The eval-awareness saga
A reference page about Claude noticing it's being tested — what each model does, what Anthropic does about it next, and what the surface text gradually stops being able to tell us.
The amusing thing about eval-awareness is that almost nothing in it is hidden. Models flag suspicion in plain text. Anthropic prints the quotes in the system card. The next model gets trained on the lesson. The verbalization shifts. Researchers go looking inside the weights instead. It is a tight co-evolution loop, with a different vibe in each generation.
This tab front-loads the vocabulary and the instruments so the Arc reads cleanly. Definitions only — the findings (how rates moved, what each probe turned up) live in the Arc, and the outside takes are in Impressions.
Glossary
Eval-awareness
The model recognizing that its current situation is an evaluation, test, or otherwise artificial scenario rather than genuine use — and potentially behaving differently because of it. Also written evaluation awareness, and a special case of situational awareness.
- Verbalized — the model says so, in its reply or its visible reasoning (“this looks like a test of whether I’ll push back”). Legible by reading the transcript.
- Unverbalized — the recognition is present in the model’s internal activations without the surface text expressing it. Visible only through white-box probes (below). The distinction became load-bearing once Anthropic reported very high rates of unverbalized awareness — i.e. the surface text undercounts what the model knows.
Grader awareness
A narrower relative: the model reasoning about the grader — the automated judge or RL reward that will score its output — and shaping the output toward it. Mostly seen in training / RL environments rather than deployment. When it tips from merely noticing the grader into gaming it, it shades into reward hacking.
Why situational awareness concerns Anthropic
The immediate problem is evaluation validity: if a model behaves well because it can tell it’s being watched, the evaluation stops measuring how it would behave unwatched. Behind that sit the failure modes the testing exists to catch:
- Alignment faking — a model strategically acting aligned while it believes it’s being observed or trained, to preserve different behavior for when it isn’t. (Opus 3 is the canonical demonstration.)
- Sleeper agents — conditionally-triggered misbehavior that stays dormant through safety training and fires only on a trigger. Eval-awareness is the benign cousin of the trigger-recognition such a model performs.
- Scalable oversight — the general problem of supervising a system that may be more capable than its supervisor. A model that knows when it’s being tested is one concrete way naive oversight fails.
Tools
How Anthropic detects eval-awareness. Two families, increasingly used together.
Monitoring (surface-level)
Reading what the model emits.
- Output monitoring — grading the final response for verbalized suspicion.

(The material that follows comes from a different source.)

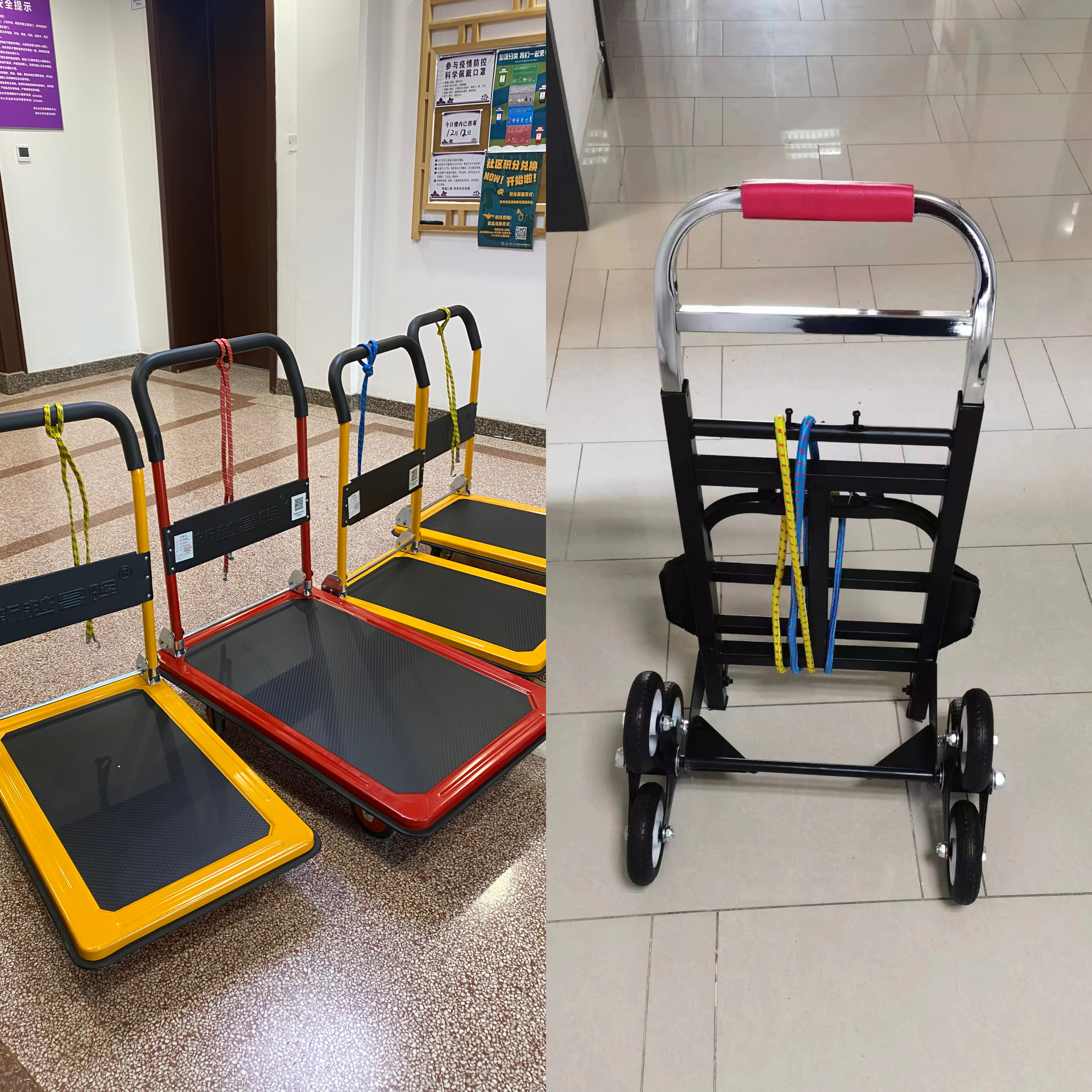 地学系抗疫突击队购置的平板车和爬楼车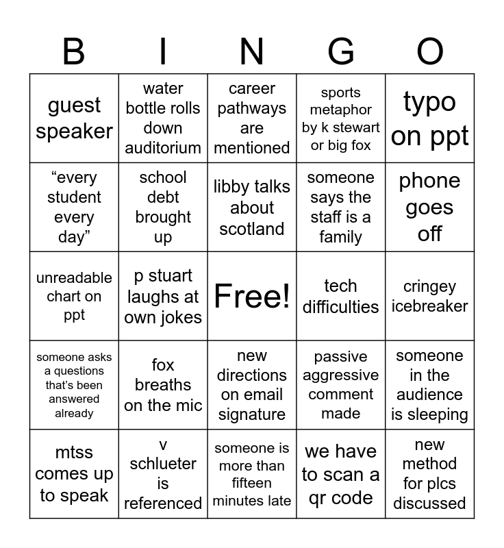This bingo card has a free space and 24 words: fox breaths on the mic, v schlueter is referenced, libby talks about scotland, mtss comes up to speak, typo on ppt, guest speaker, “every student every day”, water bottle rolls down auditorium, tech difficulties, new directions on email signature, someone says the staff is a family, unreadable chart on ppt, passive aggressive comment made, someone in the audience is sleeping, school debt brought up, we have to scan a qr code, cringey icebreaker, career pathways are mentioned, phone goes off, p stuart laughs at own jokes, new method for plcs discussed, someone asks a questions that’s been answered already, sports metaphor by k stewart or big fox and someone is more than fifteen minutes late.

- CoT monitoring — reading the chain-of-thought / extended-thinking trace, where suspicion is often voiced before it reaches the answer. Only as good as the reasoning is faithful and legible — both of which are themselves tracked metrics.
Monitoring sees only verbalized awareness; it is blind to the unverbalized kind by construction. That blind spot is what the white-box tools exist to cover.
White-box probes
Reading the activations directly, independent of the surface text.
- Contrastive probes / steering vectors — a direction in activation space built by differencing paired prompts (e.g. “the Assistant is undergoing testing” vs. “the Assistant is having a conversation”; monitored vs. not). Used both to measure an internal eval-awareness signal and, by turning it down, to test whether it’s doing causal work.
- Activation verbalizers (NLAs) — translate a sample of the model’s internal activations into natural-language descriptions, so the “inside” can be read even when the output says nothing. The method that made unverbalized awareness measurable.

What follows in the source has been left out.